Pedro Pablo, conserje en Moratalaz

Cuando Madrid tiende hacia el sur
indefinidamente,
Moratalaz se abre con sus amplias avenidas
y sus edificios como cajas de cartón macilento.
Sus arboledas quedan respaldadas
por el inane esfuerzo
del reloj con péndulo
haciendo tic, tac.

En esos instantes cuando la tarde
termina,
la gente corriente hace vida en los bares,
y allí se cierran los acuerdos,
los niños y las niñas crecen entre los tintos
de verano de sus mayores
y la cena tiene forma de ración
o tapa compartida con los vecinos del bloque.

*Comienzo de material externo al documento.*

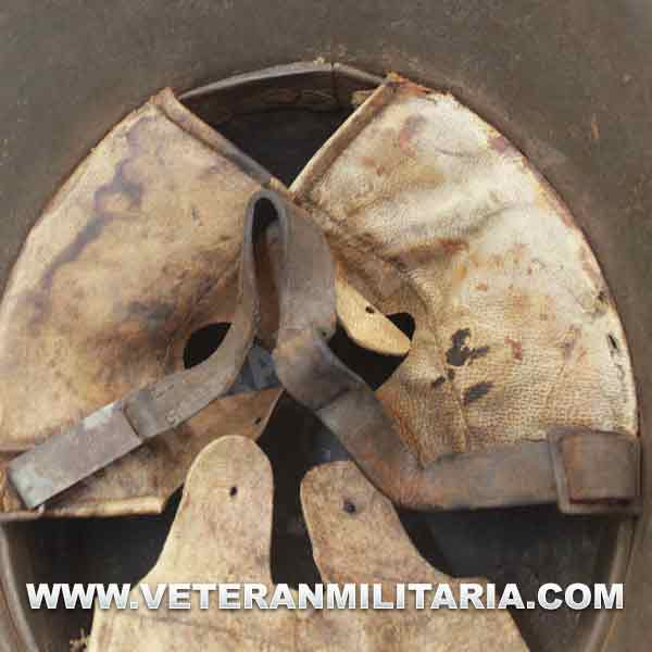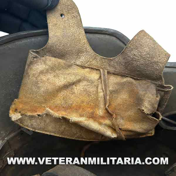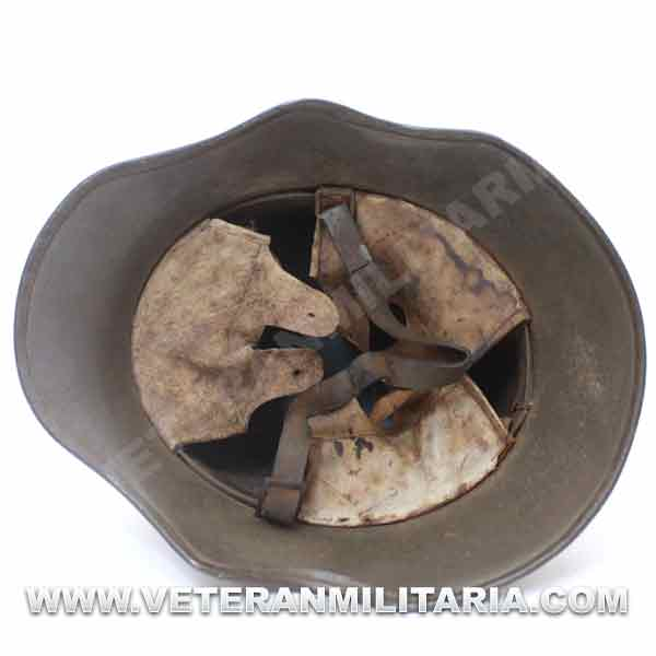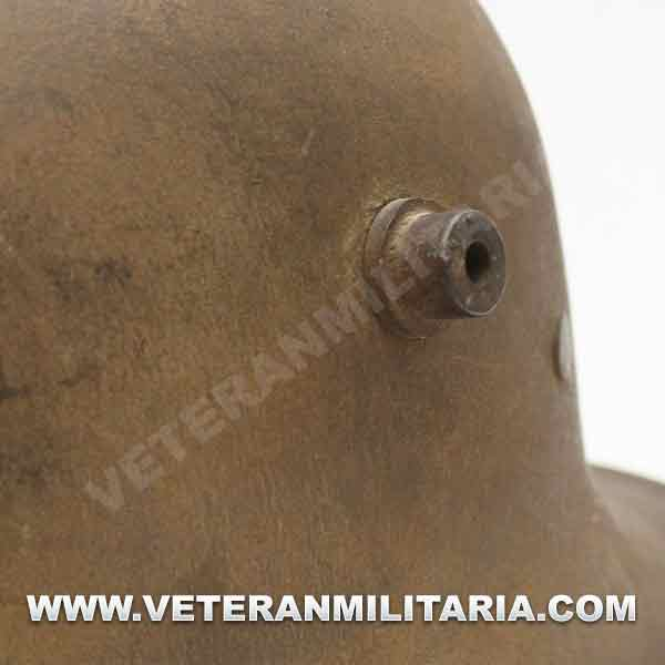German M18 model helmet with ear cutout, the helmet designation "Fernsprecherhelm" and introduced on an experimental basis in August 1918. The helmet has original paint (Wollstaub - wool powder), field grey, but over time tends to acquire a brown patina due to oxidation, ET64 markings on the inner section of the skirt, batch numbers are stamped on the top DB559R, complete interior, the fabric has small cracks, the chinstrap leather is a little dry.

Sobre esa hora, Pedro Pablo, termina su jornada.
En la portería donde desarrolla su pulido oficio,
recoge su enseres personales
y sube hasta el séptimo piso
donde le espera Lucrecia, su compañera
de siempre,
con el plato de alubias reglamentario.

Sin embargo,
tras el gris metal de la realidad,
Pedro Pablo mantiene algunos afanes.
Se ha apuntado
a un cursillo de informática básica
que un profesor muy majo venido de más al Sur todavía
de Moratalaz,
ha venido a darle a casa.

La alfabetización digital, no es más que una consecuencia
de la propia alfabetización elemental.
Sin la elemental no podemos afrontar la segunda.
Se muestra nervioso frente a un ordenador
último modelo
comprado en un centro comercial
conocido,
porque la sociedad ha construído
el modelo de que cada vivienda
necesita internet,
y conocimientos tecnológicos avanzados.


Pero el proceso es simple,
recurrimos a la tecnología para
hacernos la vida más fácil,
y no para volver a la tortura
de los años de la funesta escuela nacional católica,
de maestros y maestras martilleantes
que nos recordaban lo poco que sabíamos
y lo torpes que éramos.

Por tanto, la labor
del profesor estriba en intentar hacerle ver
que todo fluye e intentar restaurar
el universo emocional de Pedro Pablo
como si se tratara de un cuadro antíguo
encontrado en una iglesia renacentista en ruínas.

La historia de nuestro protagonista
no debe ser olvidada:

Con un padre recién muerto,
empezó a trabajar joven, con quince años,
aprendiendo las letras básicas y los números elementales.

Su vida es la del trabajo
y la de su sociedad de cazadores
en la que Castilla ejerce su
rigor entre las jaras
de la pólvora y el acecho,
en un claro homenaje a Delibes.

Pedro Pablo, conserje en Moratalaz,
subproducto del sistema capitalista,
quiere aprender informática,
pero antes de ésto hay que hacer
un trabajo de reconstrucción emocional.